Upon the occurrence of a "change in control" as defined in Paragraph
(d) of Section 4, then within ten (10) days thereafter the Bank shall contribute
to the trustee of the Trust in a single payment that amount which shall be
necessary to fully fund the benefit to be paid to McAuliffe by the Bank as
described in Paragraph (a)(i)(B) of Section 5. Furthermore, if the change in
control is due to the sale, merger or consolidation of either CNBC or CNB or the
assets of either of them, then such contribution will be required prior to the
date of the consummation of such sale, merger or consolidation.

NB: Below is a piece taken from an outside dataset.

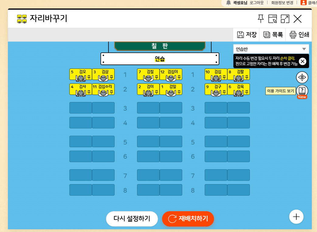- 자리배치 후에도 학생들의 학습 환경을 고려해 유연하게 자리를 바꿀 수 있습니다1.

In determining
the amount necessary to fully fund the obligation, the Bank shall be entitled to
discount its future liability to McAuliffe by a rate equal to the interest rate
then being paid on United States Treasury obligations having a maturity of ten
(10) years.
7. NON-EXCLUSIVITY OF RIGHTS.
Nothing in this Agreement shall prevent or limit McAuliffe's continuing
or future participation in any plan, program, policy or practice provided by the
Bank or any of its affiliated companies for which he may qualify, nor shall
anything in this Agreement limit or otherwise affect such rights as McAuliffe
may have under any contract or agreement with the Bank. Vested benefits and
other amounts that McAuliffe is otherwise entitled to receive under any plan,
policy, practice or program of, or any contract or agreement with the Bank on or
after the Date of Termination shall be payable in accordance with such plan,
policy, practice, program, contract or agreement, as the case may be, except as
explicitly modified by this Agreement.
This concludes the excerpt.